Kernel weights has count 2304 but 32640 was expected

Description

Try to build engine in Jetson TX2

I am getting this error

[02/19/2022-11:33:11] [E] [TRT] 3: (Unnamed Layer* 214) [Convolution]:kernel weights has count 2304 but 32640 was expected
[02/19/2022-11:33:11] [E] [TRT] 4: (Unnamed Layer* 214) [Convolution]: count of 2304 weights in kernel, but kernel dimensions (1,1) with 128 input channels, 255 output channels a nd 1 groups were specified. Expected Weights count is 128 * 11 * 255 / 1 = 32640
[02/19/2022-11:33:11] [E] [TRT] 4: [convolutionNode.cpp::computeOutputExtents::28] Error Code 4: Internal Error ((Unnamed Layer
214) [Convolution]: number of kernel weights does not match tensor dimensions)

Environment

TensorRT Version: 8.0
GPU Type: Jetson TX2
Nvidia Driver Version:
CUDA Version: 10.2
CUDNN Version:
Operating System + Version: Ubuntu 18
Python Version (if applicable): Python 3.6
TensorFlow Version (if applicable):
PyTorch Version (if applicable): 1.10
Baremetal or Container (if container which image + tag):

Relevant Files

This is weight file I generated

Steps To Reproduce

toolkits/deploy

Doing deployment part
I made it to build but
I am getting above mentioned error while creating engine

Please help me

Thanks

Hi,

Have you tried to run the author’s model?
Please check if this error only occurs on the customized model or also appears in their default version.

Thanks.

I run the python version successfully

Now I am trying to run c++ version on TensorRT, toolkits/deploy
I did not modify author’s model. it should be default version

The error happens whey I try to create engine

the wts file attached is translated file for TensorRT from ‘weights/End-to-end.pth’

I updated source base and rebuild
error change to this

Loading weights: yolop.wts
[02/21/2022-18:21:26] [E] [TRT] 3: (Unnamed Layer* 214) [Convolution]:kernel weights has count 2304 but 6912 was expected
[02/21/2022-18:21:26] [E] [TRT] 4: (Unnamed Layer* 214) [Convolution]: count of 2304 weights in kernel, but kernel dimensions (1,1) with 128 input channels, 54 output channels and 1 groups were specified. Expected Weights count is 128 * 11 * 54 / 1 = 6912
[02/21/2022-18:21:26] [E] [TRT] 4: [convolutionNode.cpp::computeOutputExtents::28] Error Code 4: Internal Error ((Unnamed Layer
214) [Convolution]: number of kernel weights does not match tensor dimensions)
[02/21/2022-18:21:26] [E] [TRT] 3: (Unnamed Layer* 214) [Convolution]:kernel weights has count 2304 but 6912 was expected
[02/21/2022-18:21:26] [E] [TRT] 4: (Unnamed Layer* 214) [Convolution]: count of 2304 weights in kernel, but kernel dimensions (1,1) with 128 input channels, 54 output channels and 1 groups were specified. Expected Weights count is 128 * 1*1 * 54 / 1 = 6912

Hi,

When you run the python source, you should get an ONNX model.
Could you try to generate the TensorRT engine with that model to see if it works?
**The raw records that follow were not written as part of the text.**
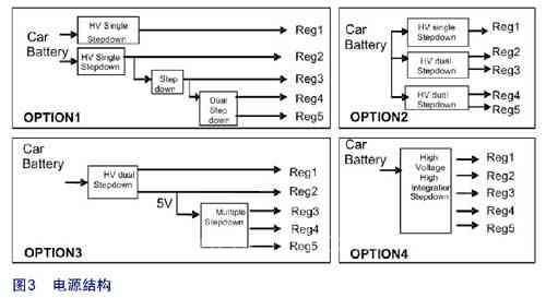 大多数系统电源的基本架构选择应从电源要求以及汽车厂商定义的电池电压瞬变波形入手。对于电流的要求应该反映到电路板的散热设计。表1归纳了大多数设计的电路及电压要求。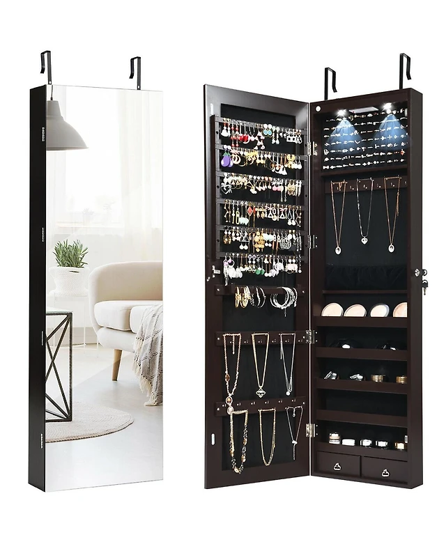 Door Mounted Lockable Mirrored Jewelry Cabinet with Led Lights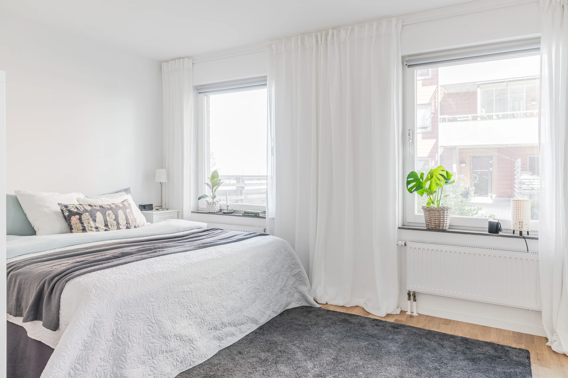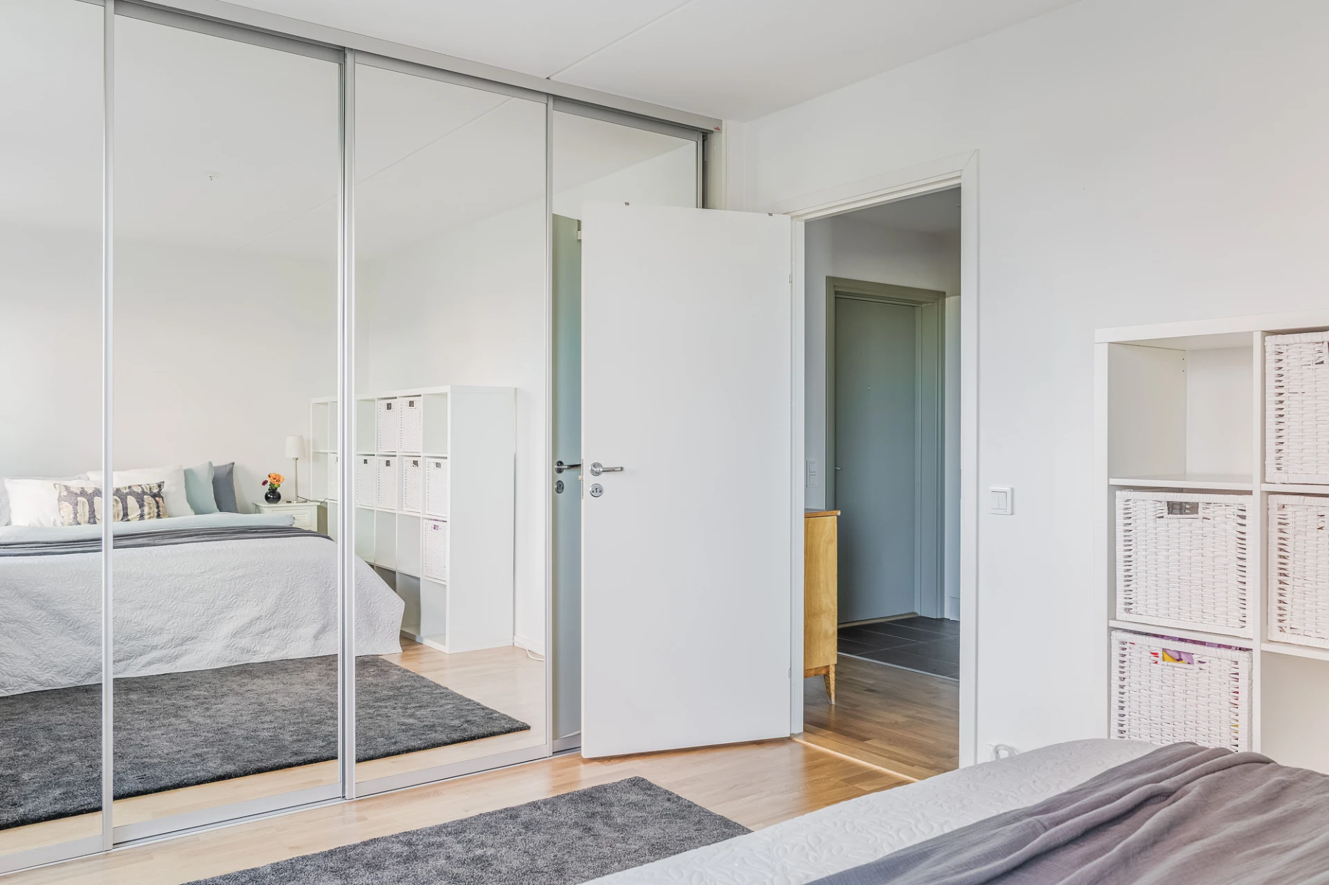 Parkettgolv och vita väggar. Plats för dubbelsäng. Förvaring i skjutdörrsgarderob med spegelglasdörrar.

$ /usr/src/tensorrt/bin/trtexec --onnx=[model]

Thanks.

I generate engine file however when run it
I am getting this error

I reinstall Jetson TX2 with latest os copy

Does Jetson TX2 default opencv come with CUDA support?

[03/10/2022-14:49:13] [E] [TRT] 3: Cannot find binding of given name: data
[03/10/2022-14:49:13] [E] [TRT] 3: Cannot find binding of given name: det
[03/10/2022-14:49:13] [E] [TRT] 3: Cannot find binding of given name: seg
[03/10/2022-14:49:13] [E] [TRT] 3: Cannot find binding of given name: lane

terminate called after throwing an instance of ‘cv::Exception’
what(): OpenCV(4.1.1) /home/nvidia/host/build_opencv/nv_opencv/modules/core/include/opencv2/core/private.cuda.hpp:107: error: (-216:No CUDA support) The library is compiled without CUDA support in function ‘throw_no_cuda’

Aborted (core dumped)

Hi,

Would you mind attaching the ONNX model with us?
The default OpenCV has CUDA support but only for those implementations that belong to the core library.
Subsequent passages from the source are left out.